Baseball couture is in!
I don't know where Iggy Azalea has been for the past few years, but anyway, she's popped back into our lives dressed as a yellow baseball. How hard do you think it is for her to go to the bathroom? Like do they have to untie all of the side stitching or does she just have a catheter and pee bag attached to her leg? These are the fashion mysteries we the people want the answers to!

Lorde of the Rings
The week leading into the show cemented my love for Lorde when she revealed that she has been running an Instagram account to rate onion rings.
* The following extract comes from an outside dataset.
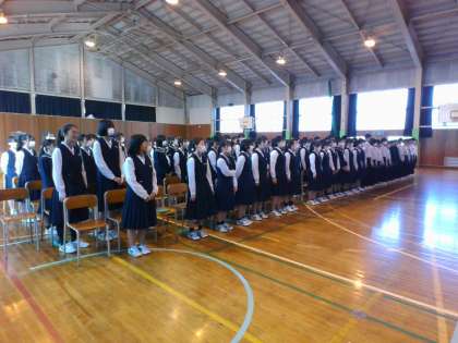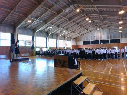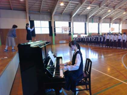 2年・合唱リハーサル・その1 公開日 2023/10/17 更新日 2023/10/17 2学年 10月17日(火) 1,2限 2年生は、1,2限に合唱コンクール・リハーサルをしています。 実行委員が司会進行、動きの説明等も行っています。 最初は、学年合唱「翼をください」の練習です。 学年全体で歌ったのは今日が初めてですが、いい声が出ていました。 (写真:学年合唱の様子)
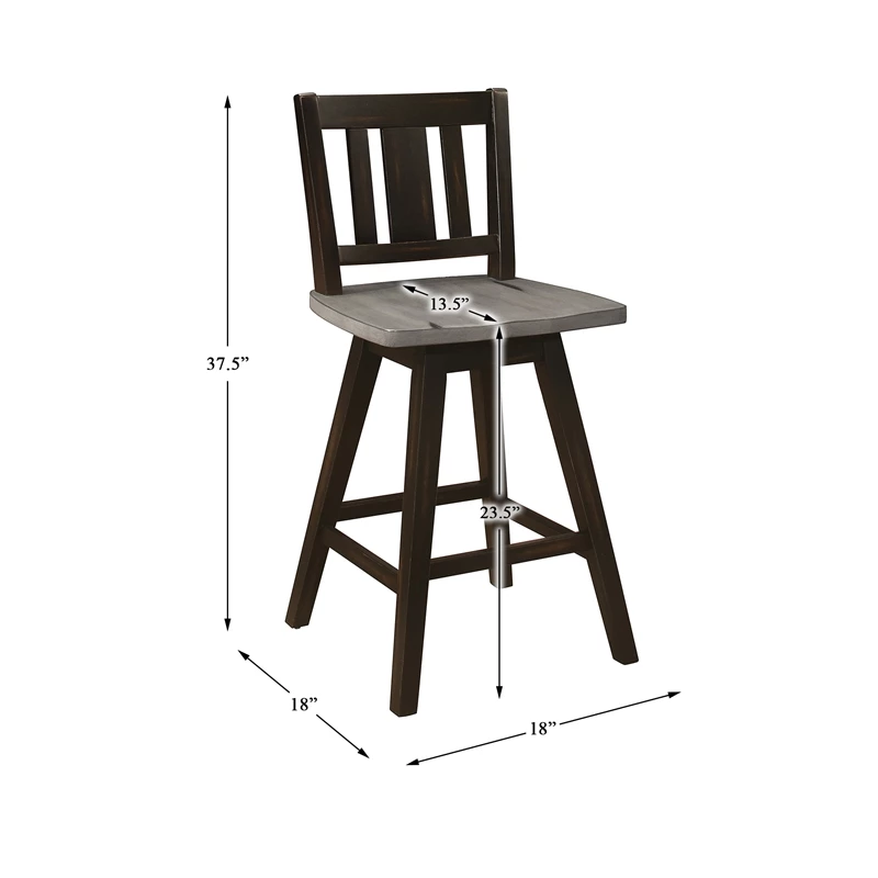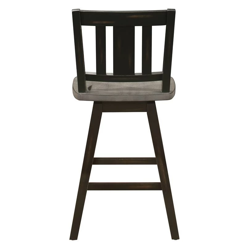 Creating a subtle rustic look for your dining space is the Amsonia Collection. A black sand-through finish graces the solid rubberwood 24-inch swivel vertical slat-back counter height chair, highlighting the veneer.

And everyone knows that adding an onion ring connoisseur to my girl gang has been top priority the entire year.

Anyway, she closed out the show and appeared on stage in some TLC "Don't Go Chasin' Waterfalls" silk pajamas, which we all know is my preferred Casual Friday wear:
Then she got sassy and took off the pajama top and a teen choir appeared onstage and I'm sure there was a metaphor or bigger artistic picture here, but the only picture I remembered was this:
Every single one of you can relate to this moment because it's what you look like when you're dancing in front of a full-length mirror to Beyonce's "7/11" or "Formation" or "Sorry" or literally any Beyonce song. If you haven't danced while making a face like you've just smelled Bigfoot's diaper nearby, you haven't really danced. Loved the performance and her new album "Melodrama" is pretty great, so grab some onion rings and give it a listen.

Thanks for the memories, Canada! Me and this guy will see you in 2090!